● **Exercise brief**
Word for word, transcribe the listing that follows, minus any pictures.

● **Source data**
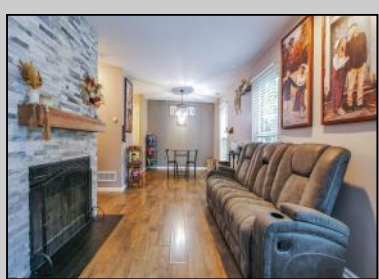
1542 Hamilton Court Mays Landing, NJ 08330
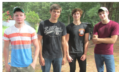
Free Food & Good Music
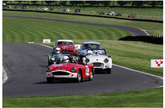
Close battles on both days all through the grid.... just brilliant!
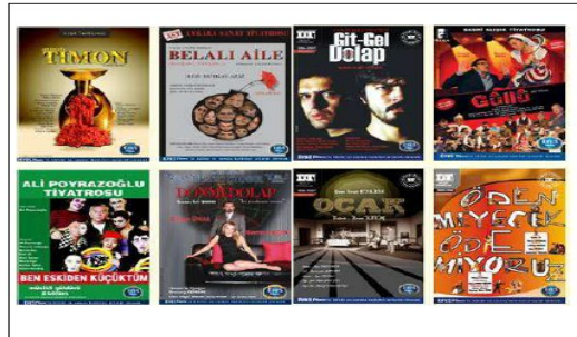
Figure 12. Efes' Social Responsibility Practices
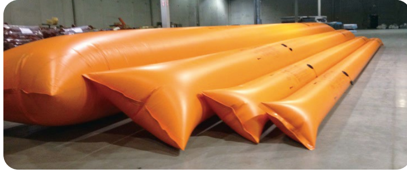
18" TIGER DAM™
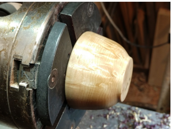
Mounted in non-marring fashion

Enjoy these shorter days. Consider buying some LED lights for your shop as a treat for the holidays.
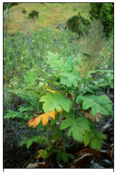
Figure 5. Flowering panicle

As the Bocconia tree grows in size and increases its number of stems and branches, it has the ability to produce a significant number of panicles and ultimately seeds. On 6/12/97, a Bocconia tree of approximately four meters (13 feet) height, with three main trunks arising from the base (basal diameters: 34.5 cm; 14.4 cm; 9 cm), had 44 infrutescences with predominantly immature capsules and 109 infrutescences with predominantly mature capsules present. The 153 branched fruiting panicles,
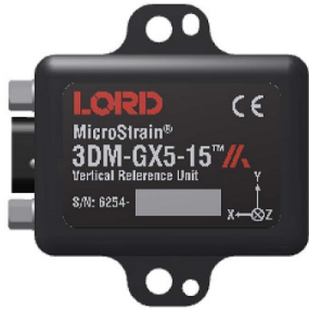
3DM-GX5-15 - miniature, high-performance, industrial-grade inertial measurement unit (IMU) and vertical reference unit (VRU)

The LORD Sensing 3DM-GX5 family of high-performance, industrial-grade inertial sensors provides a wide range of triaxial inertial measurements and computed attitude and navigation solutions.
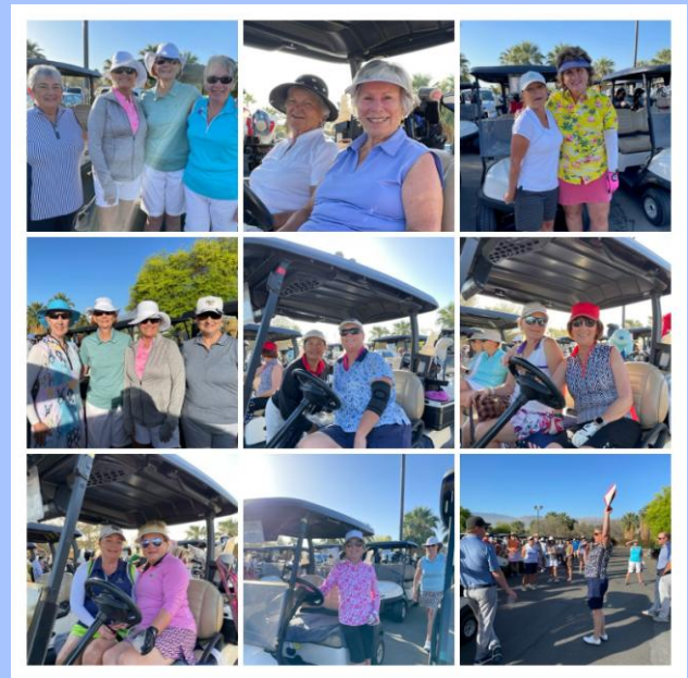
Day 2 - Desert Willow Mountain View Course
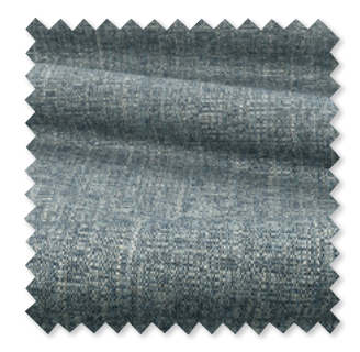
Kelby Textured Weave 14 Colours
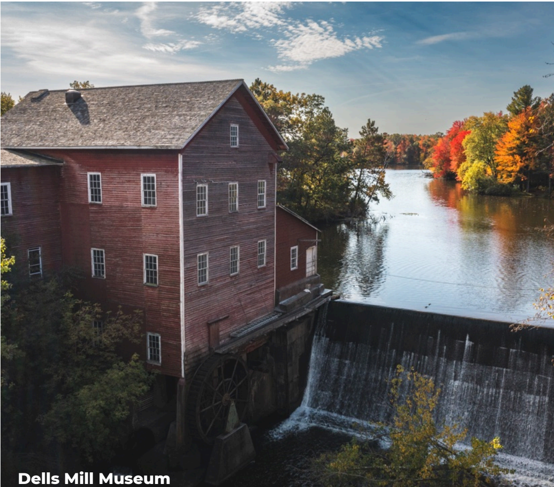
Dells Mill Museum

Augusta, Wisconsin, is situated in west-central Wisconsin, approximately 10 miles north of Interstate 94 and bordered by the Town of Bridge Creek.
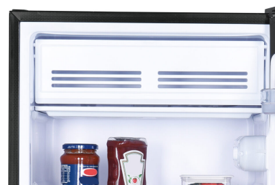
Section refroidisseur pleine largeur
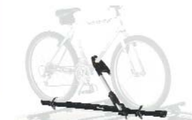
Thule® Big Mouth
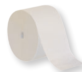
5.75" diameter — 18 rolls/case
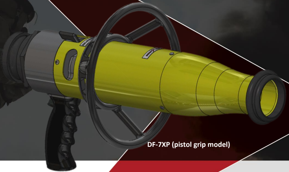
DF-7XP (pistol grip model)
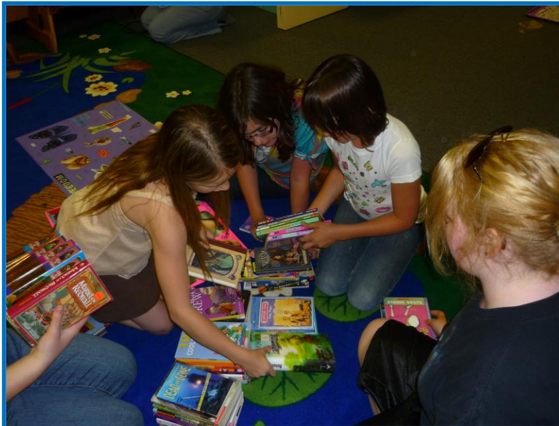
Girl's Eye View Book Give-away
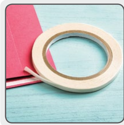
Tear & Tape
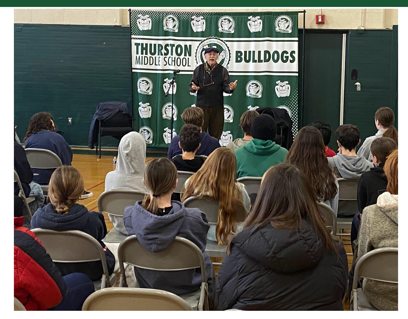
reflection and discussion.
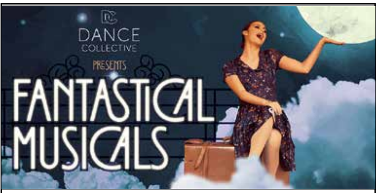
Fantastical Musicals Dance Collective

Please call 0508 266 237 or visit www. daytimeconcerts.co.nz to book tickets
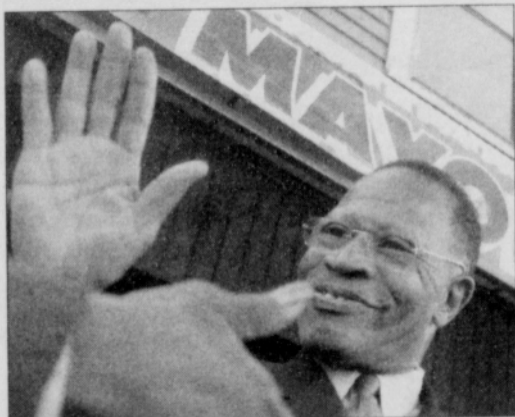
Mayor Sharpe James shakes hands with voters.

A son of civil-rights activists who integrated a white neighborhood in northern New Jersey, Booker is a poster child for the move-
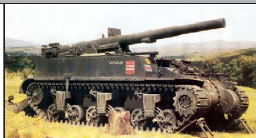
The 155mm self-propelled howitzer used by the 258th Field Artillery in World War II.
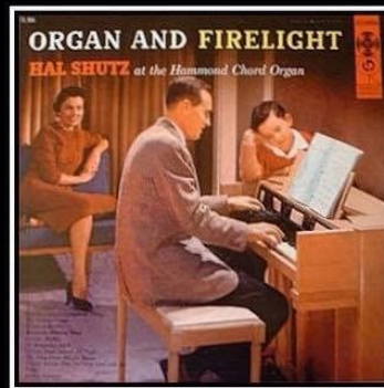
What elderly relatives think I do
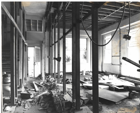
Interior of old police station as it looked when EHCC leased it from the County.

In 1967, a loose coalition of community art and drama groups formed the East Hawaii Cultural Council (now using the trade name East Hawai'i Cultural Center) to share resources. Over time, EHCC became a distinct institution, gaining 501c3 status in 1979 and transforming from an informal group to an established organization in its own right.
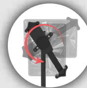
Portrait / Landscape Orientation
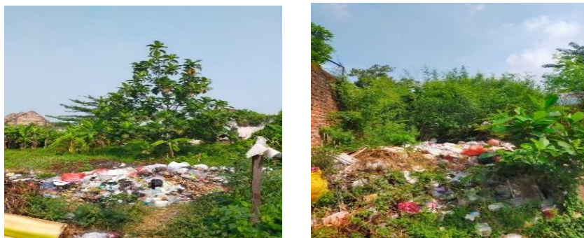
Figure 4. Environmental Conditions of Candi Village

The Regency/City Office is led by a Head of Office who is accountable to the Regent/Mayor through the Regional Secretary. They implement regional autonomy and decentralization tasks. The office can establish branches and technical implementing units in sub-districts, which are led by branch heads accountable to the Head of Office and the sub-district head. The offices are classified into 3 type, such following below:
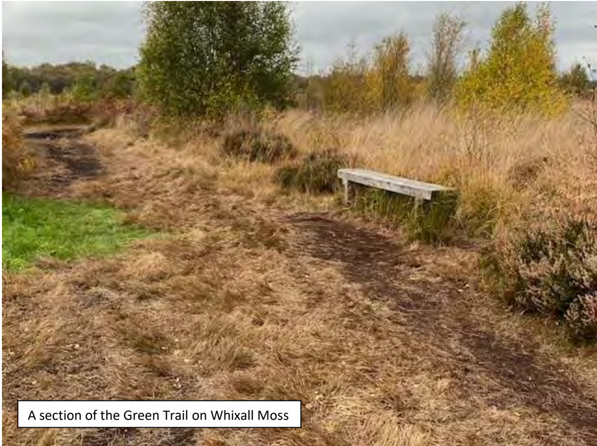
A section of the Green Trail on Whixall Moss

Around the reserve there are public rights of way, including footpaths and bridgeways. In addition to these, there are a number of waymarked permissive trails including the Mosses Trails (3 routes: Green, Orange and Purple colour coding on NNR maps and leaflets), the History Trail and the Bettisfield Moss Trails.
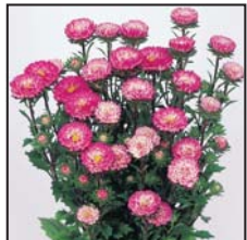
1160 pink tip white
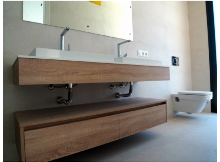
High-quality bathroom equipment
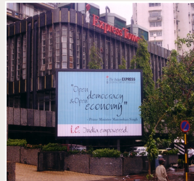
3 Faces of 20 x 15 Ft. at Nariman Point, Mumbai.

● **Result for this task**
1542 Hamilton Court Mays Landing, NJ 08330
Free Food & Good Music
Close battles on both days all through the grid.... just brilliant!
Figure 12. Efes' Social Responsibility Practices
18" TIGER DAM™
Mounted in non-marring fashion

Enjoy these shorter days. Consider buying some LED lights for your shop as a treat for the holidays.
Figure 5. Flowering panicle

As the Bocconia tree grows in size and increases its number of stems and branches, it has the ability to produce a significant number of panicles and ultimately seeds. On 6/12/97, a Bocconia tree of approximately four meters (13 feet) height, with three main trunks arising from the base (basal diameters: 34.5 cm; 14.4 cm; 9 cm), had 44 infrutescences with predominantly immature capsules and 109 infrutescences with predominantly mature capsules present. The 153 branched fruiting panicles,
3DM-GX5-15 - miniature, high-performance, industrial-grade inertial measurement unit (IMU) and vertical reference unit (VRU)

The LORD Sensing 3DM-GX5 family of high-performance, industrial-grade inertial sensors provides a wide range of triaxial inertial measurements and computed attitude and navigation solutions.
Day 2 - Desert Willow Mountain View Course
Kelby Textured Weave 14 Colours
Dells Mill Museum

Augusta, Wisconsin, is situated in west-central Wisconsin, approximately 10 miles north of Interstate 94 and bordered by the Town of Bridge Creek.
Section refroidisseur pleine largeur
Thule® Big Mouth
5.75" diameter — 18 rolls/case
DF-7XP (pistol grip model)
Girl's Eye View Book Give-away
Tear & Tape
reflection and discussion.
Fantastical Musicals Dance Collective

Please call 0508 266 237 or visit www. daytimeconcerts.co.nz to book tickets
Mayor Sharpe James shakes hands with voters.

A son of civil-rights activists who integrated a white neighborhood in northern New Jersey, Booker is a poster child for the move-
The 155mm self-propelled howitzer used by the 258th Field Artillery in World War II.
What elderly relatives think I do
Interior of old police station as it looked when EHCC leased it from the County.

In 1967, a loose coalition of community art and drama groups formed the East Hawaii Cultural Council (now using the trade name East Hawai'i Cultural Center) to share resources. Over time, EHCC became a distinct institution, gaining 501c3 status in 1979 and transforming from an informal group to an established organization in its own right.
Portrait / Landscape Orientation
Figure 4. Environmental Conditions of Candi Village

The Regency/City Office is led by a Head of Office who is accountable to the Regent/Mayor through the Regional Secretary. They implement regional autonomy and decentralization tasks. The office can establish branches and technical implementing units in sub-districts, which are led by branch heads accountable to the Head of Office and the sub-district head. The offices are classified into 3 type, such following below:
A section of the Green Trail on Whixall Moss

Around the reserve there are public rights of way, including footpaths and bridgeways. In addition to these, there are a number of waymarked permissive trails including the Mosses Trails (3 routes: Green, Orange and Purple colour coding on NNR maps and leaflets), the History Trail and the Bettisfield Moss Trails.
1160 pink tip white
High-quality bathroom equipment
3 Faces of 20 x 15 Ft. at Nariman Point, Mumbai.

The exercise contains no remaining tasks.